What do you think has been the most difficult challenge or barrier to overcome? The workforce issues are difficult to address – they extend far beyond the care home setting but are especially pressing there. Our providers tell us that Nottingham City has particular difficulties with staff turnover (both professional and non-professional), reliance on agency nurses, and leadership continuity. However, we are also finding that posts that are linked to the Vanguard or which describe Vanguard innovation are seeing a higher than usual level of interest. And we are part of a regional Nursing Supply and Demand Group so care homes are (for example) part of bids for Nursing Associate pilots. We are also linking up work around home care and care homes so that standards and training for non-professional staff can be aligned as far as possible.

Vanguards are leading on developing new care models that will act as blueprints for the future of the health and care system in England. What advice would you give to anyone looking to adopt your new care model? Reassess and simplify your contracting arrangements. The care home sector is already complex enough; we should not add layers of contractual complication which can detract from quality of care.

Fundamental to our care model has been the shared contract for care homes which we have with the local authority. It has meant a reduction in compliance work for the care homes, a reduction in duplication for us, and we now share contractual and oversight mechanisms. We use the NHS contract, which from our perspective as a CCG is ideal. We have also developed our own quality assurance tool, called iCare. The arrangement has proven so successful that the surrounding CCGs have also taken up this model. We are now thinking about how we can better commission in-reach services for care homes, with the aim of simplifying these arrangements too.

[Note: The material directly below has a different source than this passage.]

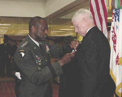"The award ceremony was held here in Headquarters, Forces Command, Fort McPherson, Georgia. Our Commanding General, four star General Larry Ellis, pinned the medal on LTC Jackson in a formal ceremony here with a band, color guard, and over one hundred people watching.

How are you sharing learning? The Care Homes Vanguard sites work closely together to test, evaluate and share with one another. That learning is captured in the Framework for Enhanced Health in Care Homes, which the New Care Models team at NHS England published on 29 September 2016. Locally, we are sharing our learning through our STP plans – we have 5 Vanguards in the Nottinghamshire STP footprint – and we are sharing tools and resources with a large number of interested parties nationally. We are very open to sharing – please do get in touch.

What do you think your vanguard and the service it delivers will look like in 12 months’ time? In 12 months’ time I think the care homes Vanguard will be focused on mainstreaming the most successful of its workstreams and delivering services in line with the care home framework published on 29 September 2016.

From your work so far, what's your one top tip (or learning) that you could share right now with us that we could learn from and implement within our work areas? The care home sector is very varied, so one size fits all approaches are even less appropriate than usual. Work closely with your care home providers, with staff at all levels. Develop engagement mechanisms that work for them; be prepared to go to them rather than expecting them to come to you; listen, learn and respond.